Aujourd’hui, le nucléaire n’est plus une priorité pour Engie et à force de procrastination politique, la Belgique risque de se retrouver dans une position énergétique délicate.

Engie peut faire pression sur les prix, sur l’implication financière du gouvernement belge alors que celui-ci ne dispose que très peu de moyens de coercition, quoiqu’en disent quelques présidents de parti.

" Nationalisation " illusoire

Si en Belgique, la gestion de l’eau demeure une compétence publique, cela n’a jamais le cas pour l’électricité (hormis quelques exemples locaux). Les pouvoirs publics belges se sont longtemps entendus avec des groupes privés (derrière lesquels se trouvaient la Générale ou GBL) qui leur rendaient bien, via des intercommunales mixtes redistribuant de juteux dividendes. D’ailleurs, particularisme belge, le réseau de transport électrique (ELIA) a toujours pour actionnaire majoritaire, les communes, le pouvoir local.

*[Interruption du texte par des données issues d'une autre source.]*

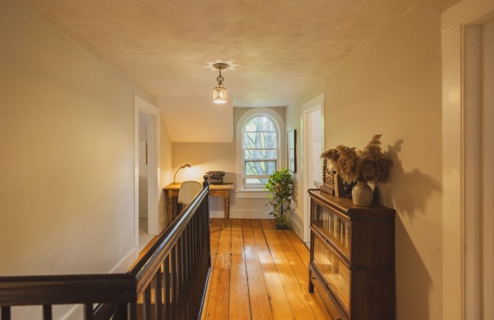 Meanwhile, the upper level is appointed with four large bedrooms, each with views of the picturesque property below. A sweet nook at the end of the hall provides the perfect backdrop for a work-from-home desk or antique standing shelf.

La production reste confiée au secteur privé. En position de force face à un gouvernement quémandeur et sans alternative. Le choix du gaz comme moyen de transition vers le renouvelable s’avère aujourd’hui une solution hasardeuse, mais il est sans doute trop tard. Engie est déjà passé à autre chose et fera payer très cher l’éventuel maintien de nucléaire.

Une nationalisation brutale est impossible, une nationalisation contrainte entraînerait un bras de fer judiciaire aussi incertain que très long. Il reste à négocier. En jeu : l’approvisionnement électrique de tout le pays après 2025 et les dizaines de milliards d’euros que coûteront un jour ou l’autre le démantèlement des vieilles centrales nucléaires et la gestion des déchets radioactifs sur… des milliers d’années. Rien que cela.